Résumé de la décision
Dans cette décision, le Conseil d'État a examiné la conformité à la Constitution de l'article L. 214-1, alinéa 3, du Code de la propriété intellectuelle, qui établit un régime de licence légale permettant la diffusion de phonogrammes par des services de radio sur Internet non interactifs. La Commission, saisie par la société civile des producteurs phonographiques et la société civile des producteurs de phonogrammes en France, a soulevé une question prioritaire de constitutionnalité (QPC) concernant cette réglementation, arguant qu'elle porte atteinte au droit de propriété et à la liberté d'entreprendre. En considérant que cette question présente un caractère sérieux, le Conseil d'État a décidé de renvoyer la question au Conseil constitutionnel tout en suspendant le jugement de la requête des sociétés civiles jusqu'à la décision de ce dernier.
Arguments pertinents
Le Conseil d'État a articulé plusieurs arguments juridiques dans sa décision :
1. Applicabilité de la disposition contestée : Le Conseil a confirmé que l'article L. 214-1 du Code de la propriété intellectuelle, spécifiquement son alinéa 3, est directement applicable au litige, car il fonde la compétence de la commission chargée de la fixation de la rémunération des artistes-interprètes et des producteurs de phonogrammes lors de la diffusion de musique par des services en ligne.
> "Les dispositions du 3° de l'article L. 214-1 du code de la propriété intellectuelle sont applicables au litige...".
2. Question sérieuse sur les atteintes aux droits fondamentaux : Il a été souligné que l'application de cette disposition pourrait affecter le droit de propriété des producteurs de phonogrammes, ainsi que leur liberté d'entreprendre, en leur retirant la capacité de s'opposer à la diffusion de leurs œuvres.
> "Le moyen tiré de ce que ces dispositions... portent atteinte à la liberté d'entreprendre... soulève une question qui présente un caractère sérieux".

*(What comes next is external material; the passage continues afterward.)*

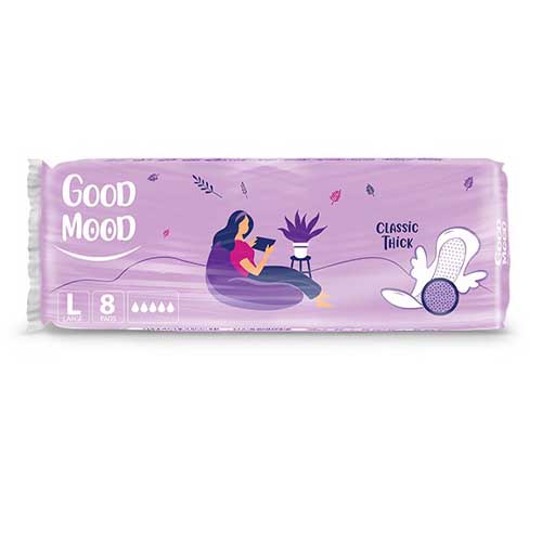 نوار بهداشتی کلاسیک گود مود ضخیم و بالدار است. دارای رویه به نرمی پنبه و با قدرت جذب بالا به همراه کانالهای جاذب میباشد. دارای چسبهای استاندارد با چسبندگی مناسب بوده و از نشت جلوگیری میکند.
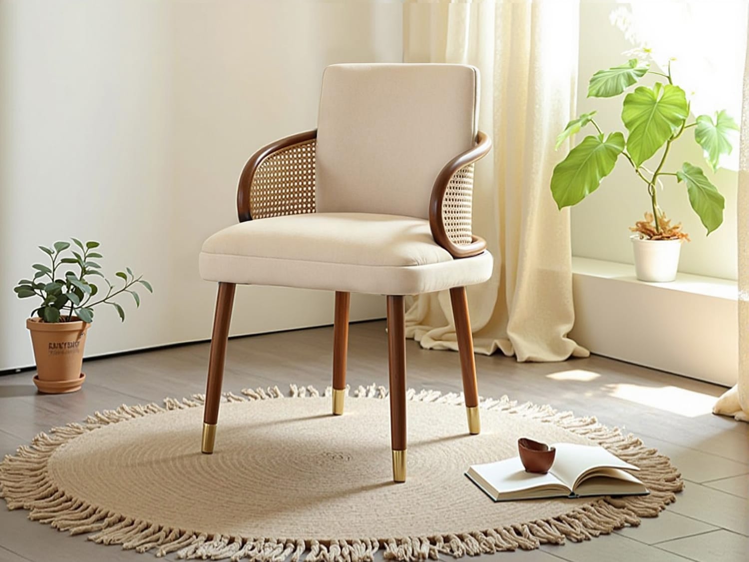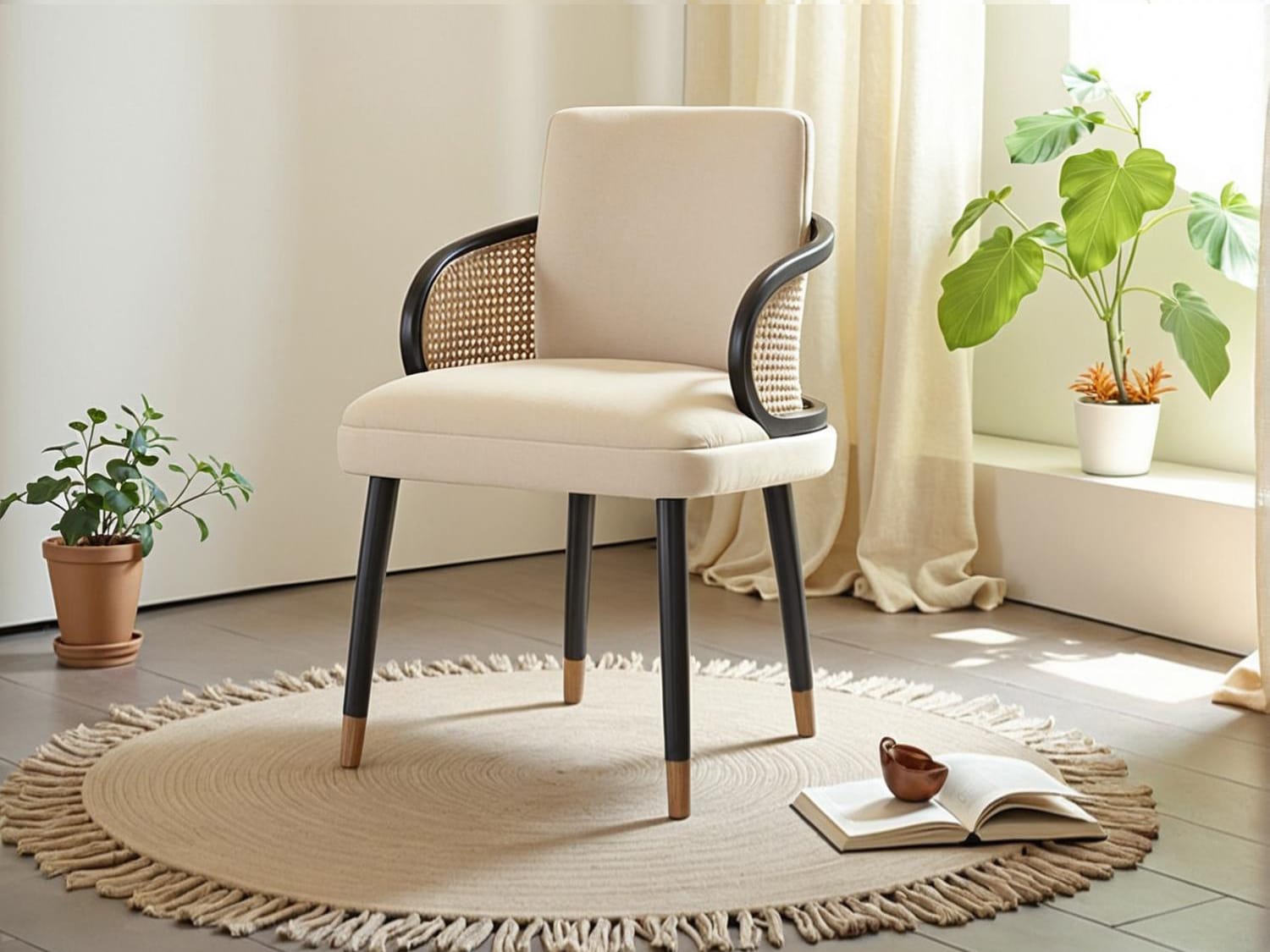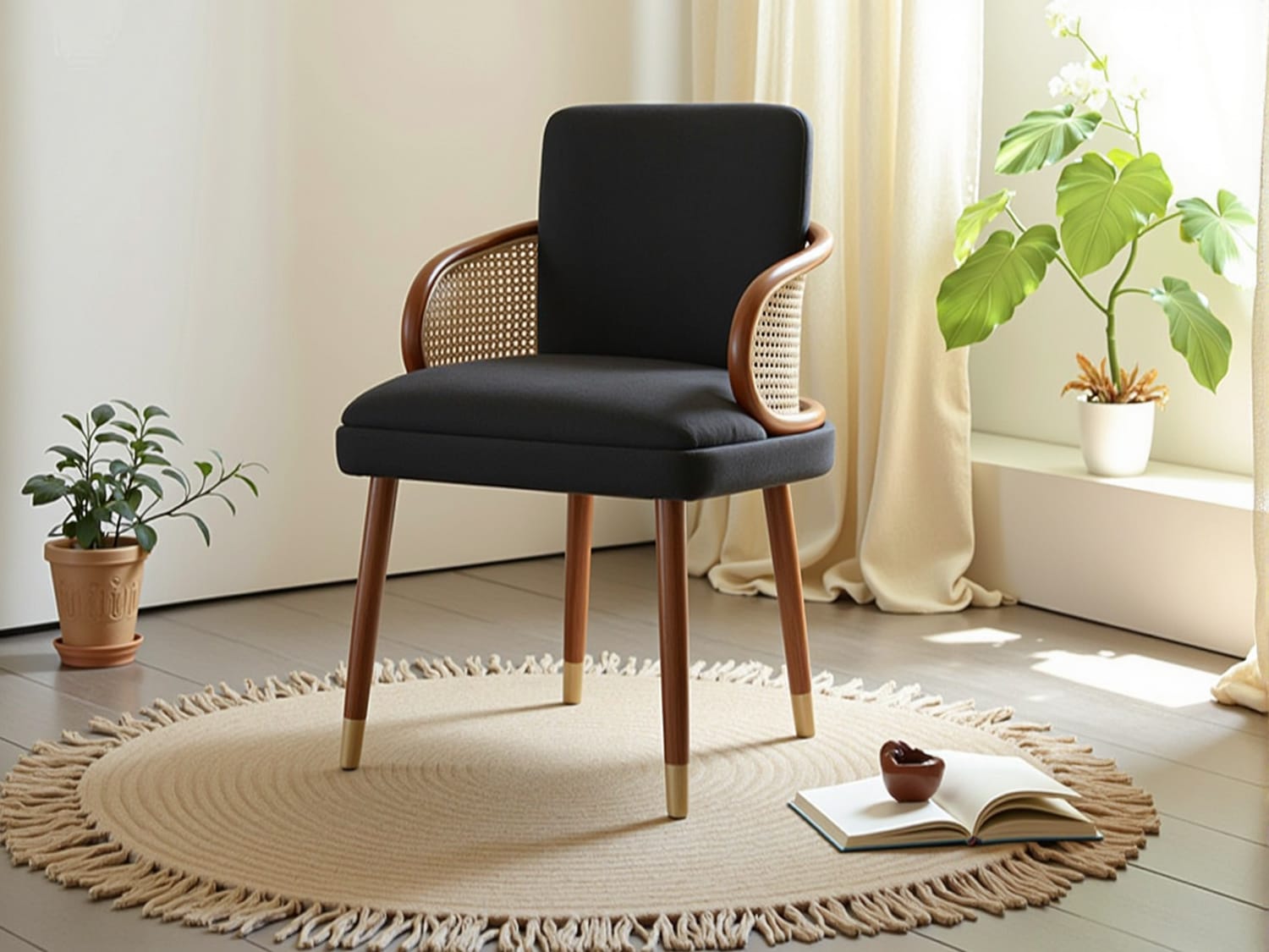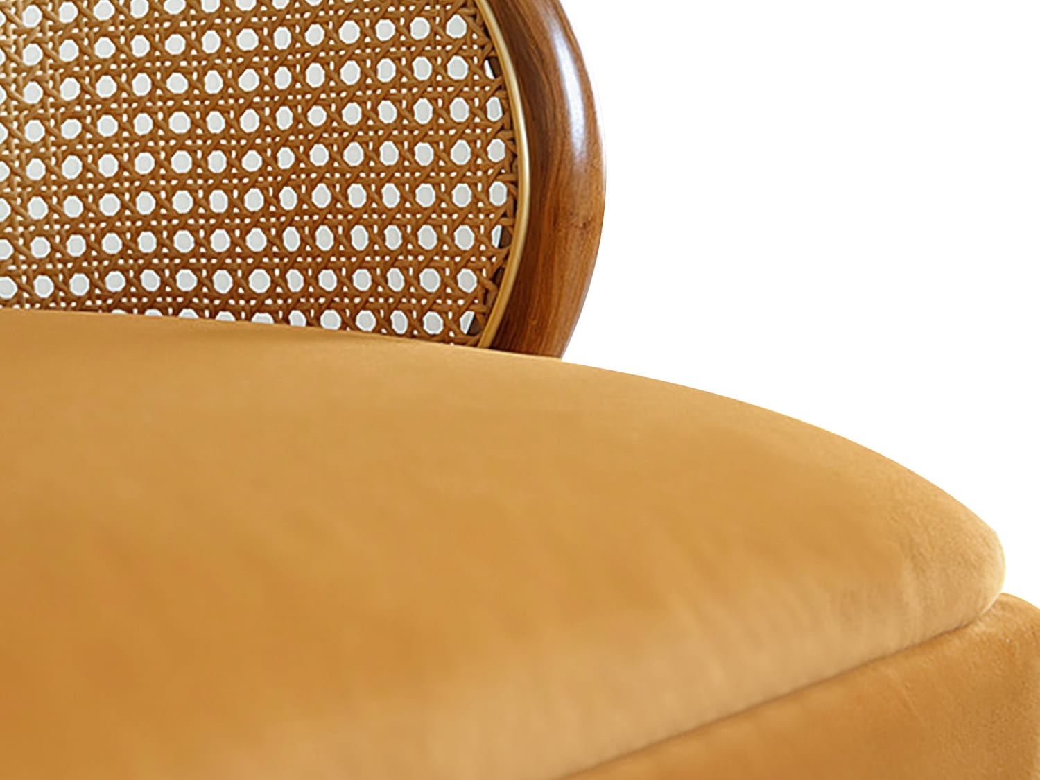 Elevate your dining experience with the Hepburn Modern Dining Chair, blending rich velvet suede upholstery with natural rattan accents in sophisticated Black, Off White and Ochre. The harmonious combination of plush fabric and woven texture creates visual depth, while the solid wood frame ensures lasting durability. Designed for both comfort and style, its gently curved backrest supports leisurely meals and lively conversations. This versatile piece transitions effortlessly from everyday family dinners to elegant entertaining, adding a touch of organic modernism to your carefully designed space.

Interprétations et citations légales
Plusieurs textes de loi sont interprétés dans cette décision, notamment :
- Code de la propriété intellectuelle - Article L. 214-1 : Ce texte établit un cadre légal dans lequel les artistes-interprètes et producteurs de phonogrammes cèdent de manière limitative leurs droits de diffusion à certains services. Il stipule que, dans certains cas, ils ne peuvent s'opposer à la diffusion de leurs phonogrammes sans compensation équitable. L'alinéa 3, en particulier, élargit ces exceptions aux services de radio sur Internet non interactifs.
> "Lorsqu'un phonogramme a été publié à des fins de commerce, l'artiste-interprète et le producteur ne peuvent s'opposer [...] à sa communication au public par un service de radio [...] à l'exclusion des services de radio [...]".
- Déclaration des droits de l'homme et du citoyen - Article 2 : Cet article garantit le droit de propriété comme un droit fondamental, ce qui est central dans l'argumentation sur l'atteinte potentielle à ce droit par l'article L. 214-1.
> "La propriété est un droit inviolable et sacré".
En conclusion, la décision du Conseil d'État témoigne d'une volonté de protéger les droits fondamentaux des producteurs tout en cherchant à établir un équilibre avec les enjeux de diffusion numérique. L'évaluation de la conformité de l'article L. 214-1 au regard de la Constitution et des droits fondamentaux sera ainsi examinée de manière approfondie par le Conseil constitutionnel.